BEGIN Input data

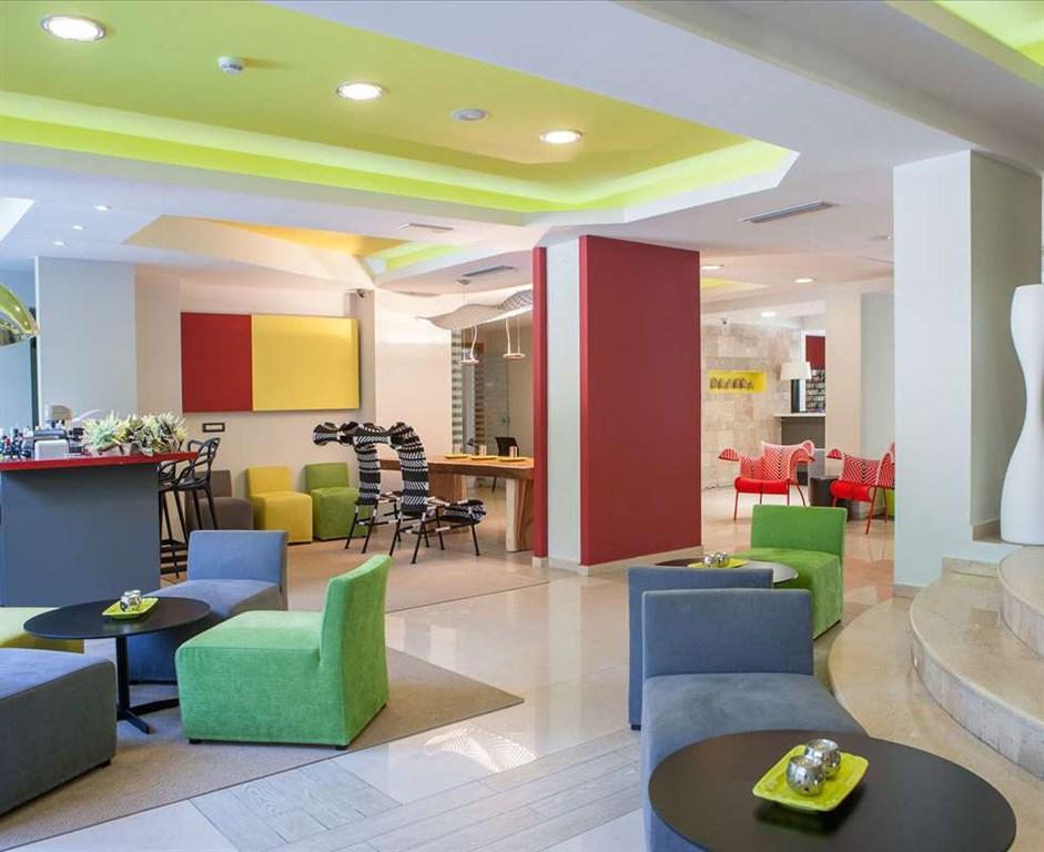 | lobby bar, hlavní restaurace snabídkou řeckých delikates a gurmetských pokrmů, italská a la carte restaurace Basilico, snack bar |
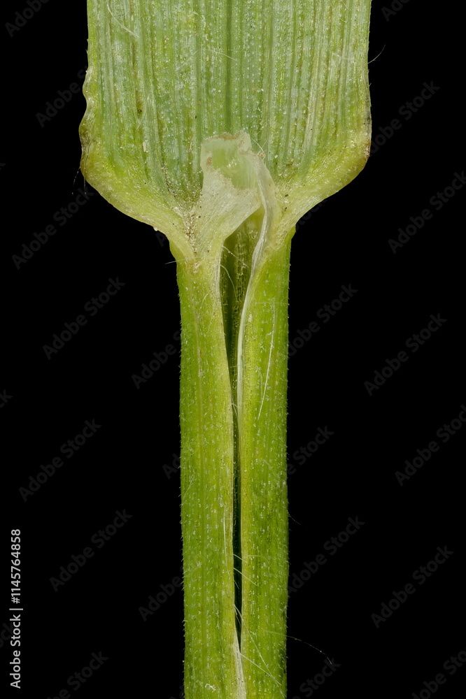 Broom Brome (Bromus scoparius). Ligule and Leaf Sheath Closeup
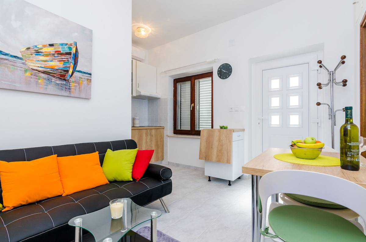 The apartment is well located, 15 minutes walking distance from Old City, surrounded by rocky beaches less than hundred meters far, and the pebble one around 200 m. Small terrace in shadow of Olive tree and Pergola, Flower garden, peacefull area ... Regarding very small separate room, apartment is perfect for two adults or family with two children or young people who don`t mind sleeping on bunk bed .
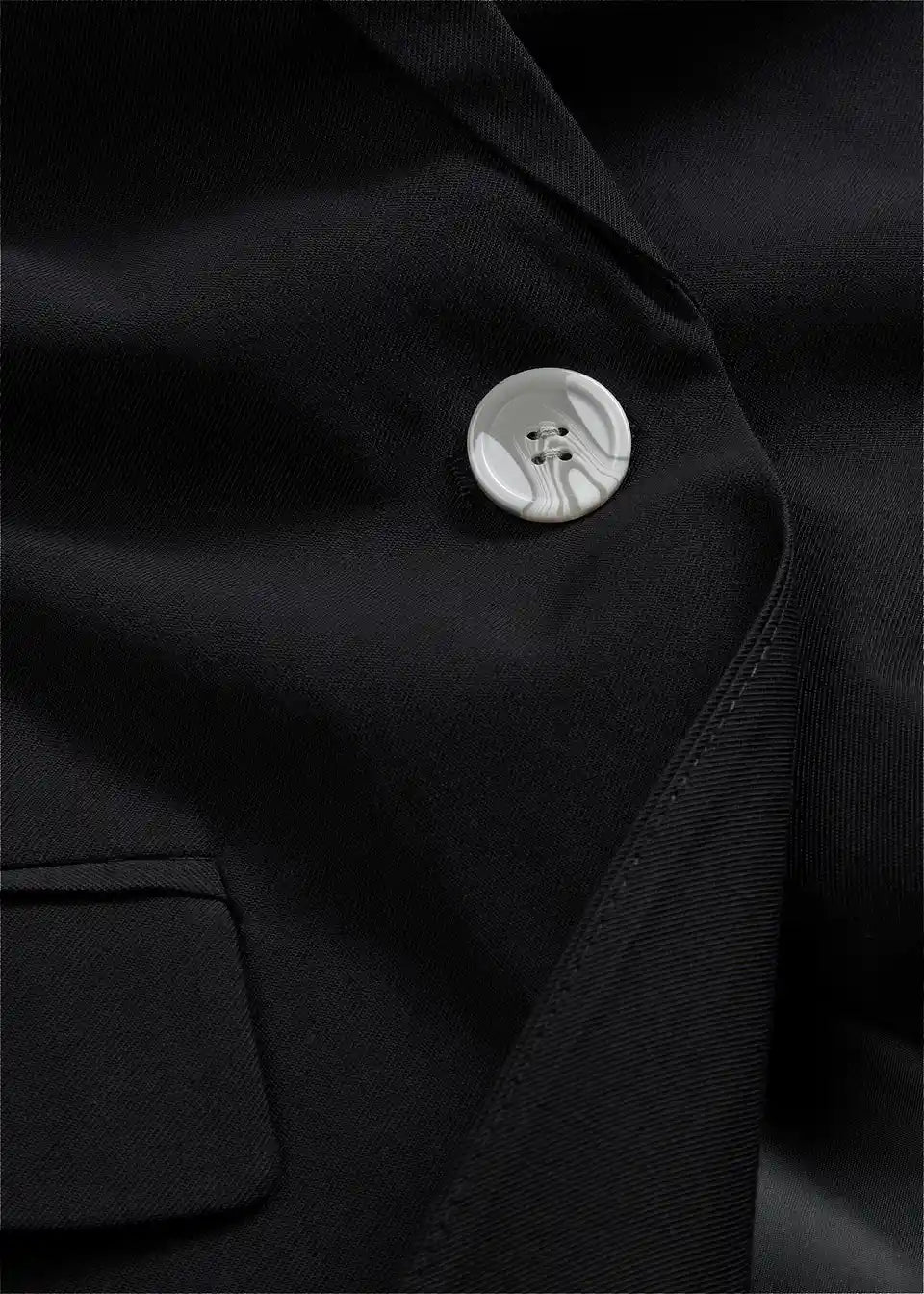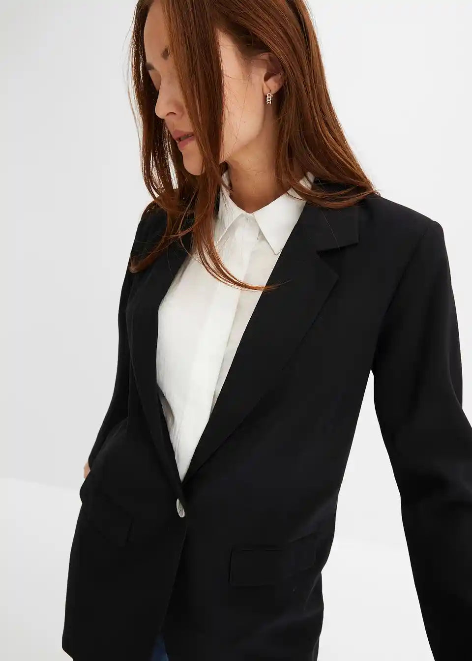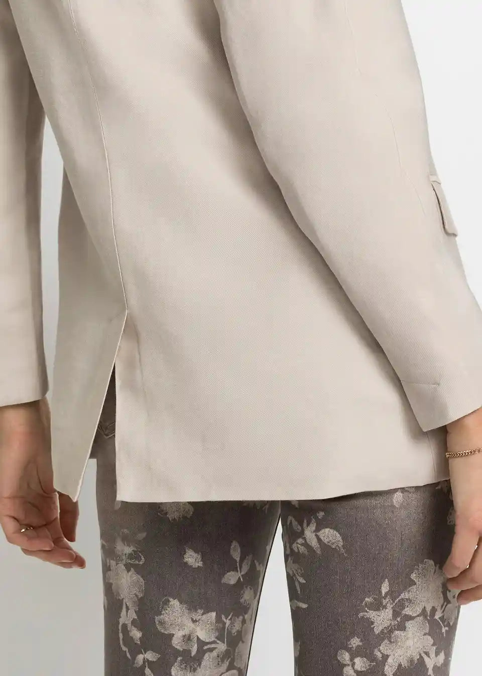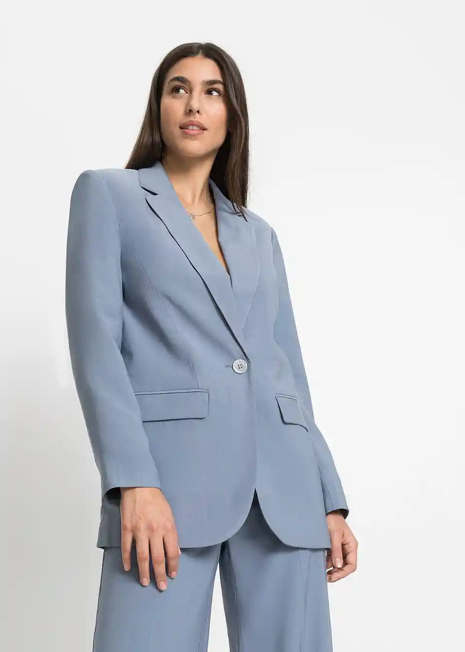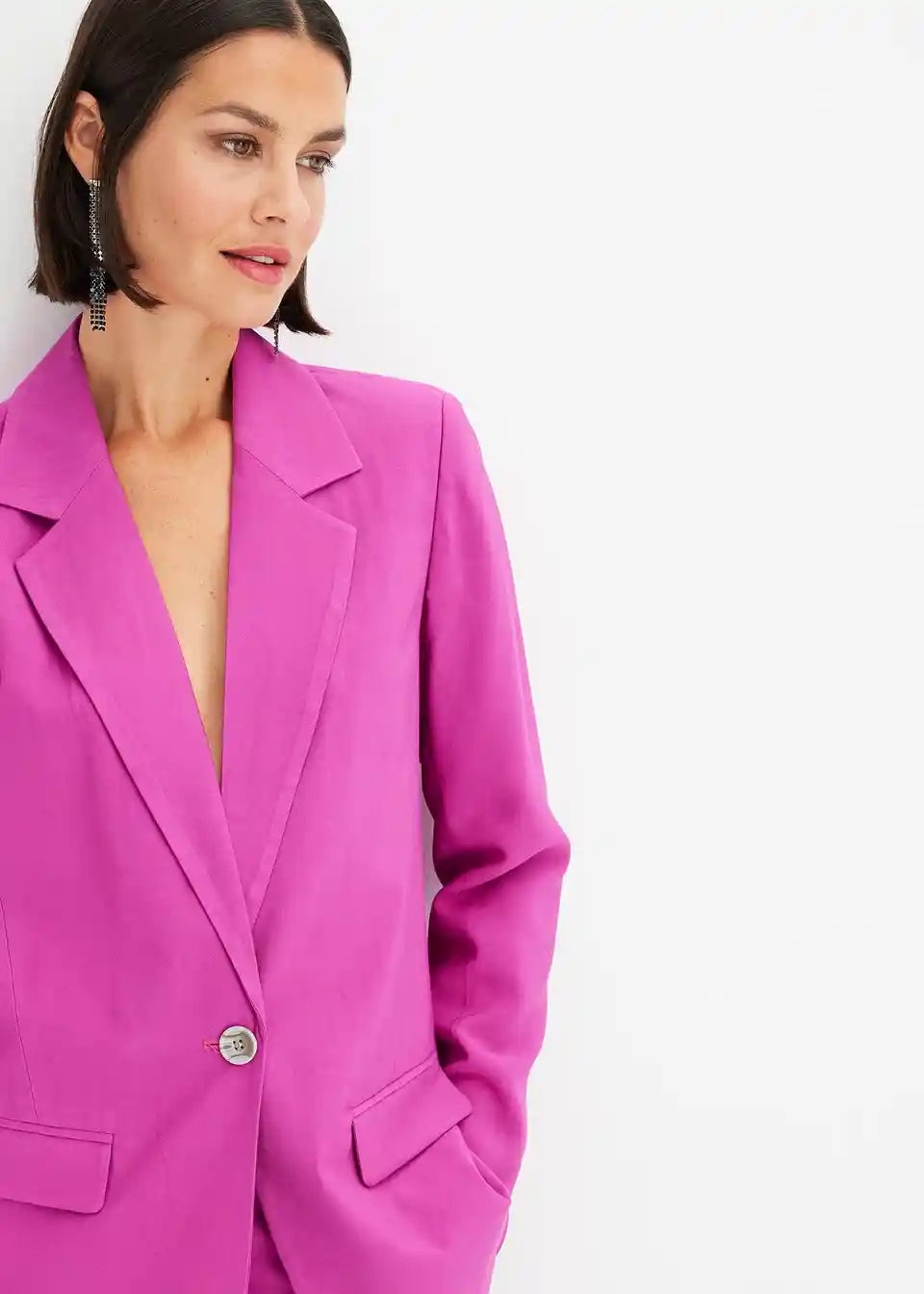 Eleganten blazer, zaprt z dekorativnim gumbom iz imitacije roga.

END Input data

*Aim of the task*. No pictures belong in the copy; quote exactly the lines from the line containing "The apartment is" through the final line of the material, both ends included.

*Exercise solution*.
 The apartment is well located, 15 minutes walking distance from Old City, surrounded by rocky beaches less than hundred meters far, and the pebble one around 200 m. Small terrace in shadow of Olive tree and Pergola, Flower garden, peacefull area ... Regarding very small separate room, apartment is perfect for two adults or family with two children or young people who don`t mind sleeping on bunk bed .
 Eleganten blazer, zaprt z dekorativnim gumbom iz imitacije roga.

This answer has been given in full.